Tuesday 27 November 2012

John Scalzi's ... Ghost Brigades

One thing I liked straight away about this book is that I found it in hardback in the library - always gives a book more depth and character - and the next thing was the cover art. I like! I like it in a boyish way, with a little of the same wow! gosh! factor of walking away from first seeing Star Wars on a big screen at age... ten? twelve? The cover has a space battle above a planet, anyway. Pretty generic, but it sets the scene. Inside back jacket tells me the artist's name is John Harris. Let me look him up... Aha. I see that he's illustrated for the likes of Allen Steele and Jack McDevitt, both of whom I've been reading in the past few months.

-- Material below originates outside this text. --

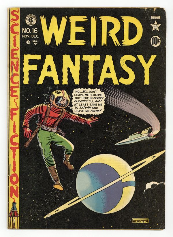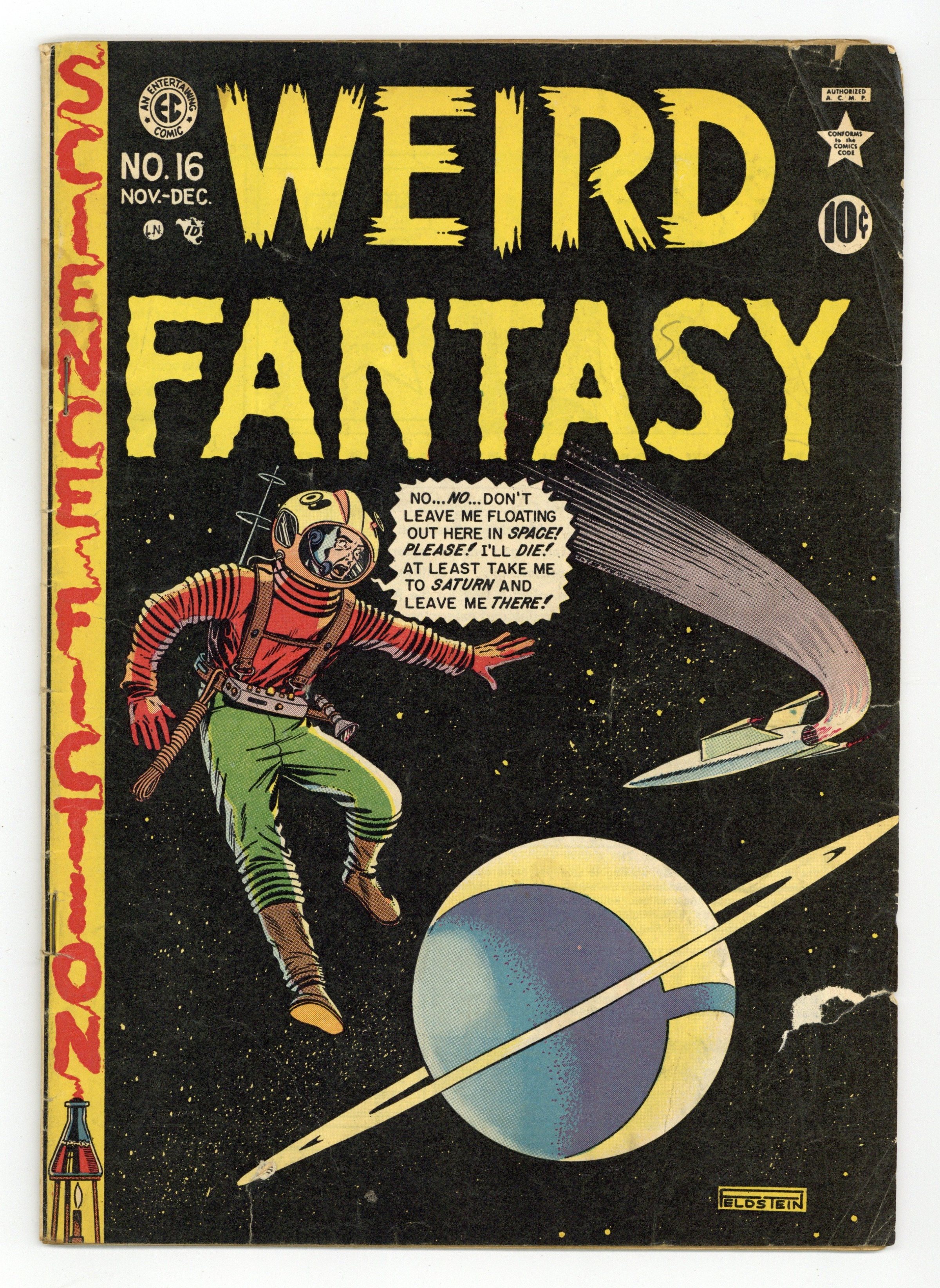 4th ISSUE in series (see note following) - Al Feldstein classic outer space cover. "The Last City" (art by Feldstein), "The Mysterious Ray From Another Dimension" (script and art by Harvey Kurtzman), "Second Childhood" (art by Jack Kamen), and "A Trip To a Star" (art by Wally Wood). Featured in Frederic Wertham's Seduction of the Innocent. NOTE: See 2nd Series for 1952 #16. Cover price $0.10.

But onto the story. John Scalzi is a joker, which I learned from following him on Twitter. Read the opening of Ghost Brigades and you'll see an example... let me say no more. It was a neat trick, well pulled off. So far, I can see that JS is staying true to the war-in-space genre of the first in the series, Old Man's War (see my last post), expertly imagining future technology, alien technology, interstellar genocidal warfare, and what that might do to the human (and other) people who get caught up in the military mincing machine. This last part, the human story, is the only reason I would read the whole thing. What happens to people who live and breathe the disciplined and controlled application of deadly violence?

The world we live in is over-militarised, and I grew up in a town neighbouring one in which 'squaddies', ordinary soldiers that is, are trained, barracked and sent out to do our government's bidding, to do their dirty work. And from the few times I met those young, beer-inclined, very physical men, I've wondered what chance they ever had of enjoying a normal human life, if there is such a thing. They're trained to be tough, ruthless and to obey their commanding officers. Civilians stay in their comforable homes and feel horrified at the innocents being bombed, sometimes at the expense of their own tax money; meanwhile, the frontline soldiers often feel that they're paying the price for those civilians' comfort. There's something screwed up here; perhaps you can enlighten me and tell me why one group of people are turned into killers while the rest of us rest easy and veg out in front of TV.

Governments maintain armies to keep hold of their status and economic position, not essentially to keep you and me in beer and Pringles. (Is this turning into a rant? I'll stop here.) So thankyou Mr Scalzi for making me think a little. If your series is intended, in part, to be a meditation on the present state of affairs, I'd better keep reading until the end of Book Three to appreciate the fulness of your thoughts.